Would you repeat exactly the part of the listing below that runs from the line containing "Monatsdiagramm Januar 2019" down to the line containing "hdpe雙壁波紋管是以hdp", inclusive, and nothing else?

[Given records]:
↓

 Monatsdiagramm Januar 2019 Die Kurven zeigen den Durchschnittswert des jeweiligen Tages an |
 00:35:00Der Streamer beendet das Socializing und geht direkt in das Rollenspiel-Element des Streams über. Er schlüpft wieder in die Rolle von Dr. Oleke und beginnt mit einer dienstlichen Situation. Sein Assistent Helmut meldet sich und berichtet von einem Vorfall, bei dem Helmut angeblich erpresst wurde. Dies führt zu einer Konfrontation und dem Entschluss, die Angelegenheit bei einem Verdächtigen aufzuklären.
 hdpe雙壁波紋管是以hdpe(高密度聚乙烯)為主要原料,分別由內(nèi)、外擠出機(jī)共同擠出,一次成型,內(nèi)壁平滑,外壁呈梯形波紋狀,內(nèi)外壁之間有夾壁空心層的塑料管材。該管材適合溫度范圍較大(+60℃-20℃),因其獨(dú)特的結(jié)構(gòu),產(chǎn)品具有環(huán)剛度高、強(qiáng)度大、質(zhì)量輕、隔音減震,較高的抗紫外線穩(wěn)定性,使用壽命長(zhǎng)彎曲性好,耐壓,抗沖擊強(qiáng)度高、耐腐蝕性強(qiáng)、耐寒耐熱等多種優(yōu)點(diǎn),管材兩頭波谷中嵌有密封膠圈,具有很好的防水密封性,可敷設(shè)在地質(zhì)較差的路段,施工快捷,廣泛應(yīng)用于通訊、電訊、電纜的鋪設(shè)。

↑
↓

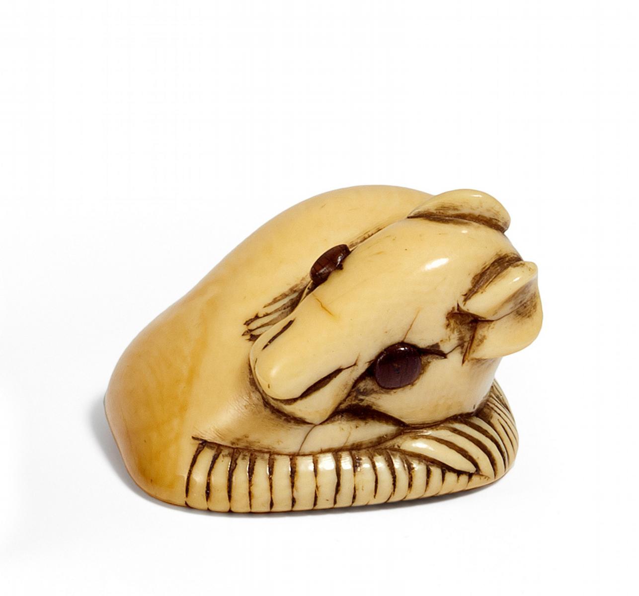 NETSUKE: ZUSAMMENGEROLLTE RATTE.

↑

[Output below]:
 Monatsdiagramm Januar 2019 Die Kurven zeigen den Durchschnittswert des jeweiligen Tages an |
 00:35:00Der Streamer beendet das Socializing und geht direkt in das Rollenspiel-Element des Streams über. Er schlüpft wieder in die Rolle von Dr. Oleke und beginnt mit einer dienstlichen Situation. Sein Assistent Helmut meldet sich und berichtet von einem Vorfall, bei dem Helmut angeblich erpresst wurde. Dies führt zu einer Konfrontation und dem Entschluss, die Angelegenheit bei einem Verdächtigen aufzuklären.
 hdpe雙壁波紋管是以hdpe(高密度聚乙烯)為主要原料,分別由內(nèi)、外擠出機(jī)共同擠出,一次成型,內(nèi)壁平滑,外壁呈梯形波紋狀,內(nèi)外壁之間有夾壁空心層的塑料管材。該管材適合溫度范圍較大(+60℃-20℃),因其獨(dú)特的結(jié)構(gòu),產(chǎn)品具有環(huán)剛度高、強(qiáng)度大、質(zhì)量輕、隔音減震,較高的抗紫外線穩(wěn)定性,使用壽命長(zhǎng)彎曲性好,耐壓,抗沖擊強(qiáng)度高、耐腐蝕性強(qiáng)、耐寒耐熱等多種優(yōu)點(diǎn),管材兩頭波谷中嵌有密封膠圈,具有很好的防水密封性,可敷設(shè)在地質(zhì)較差的路段,施工快捷,廣泛應(yīng)用于通訊、電訊、電纜的鋪設(shè)。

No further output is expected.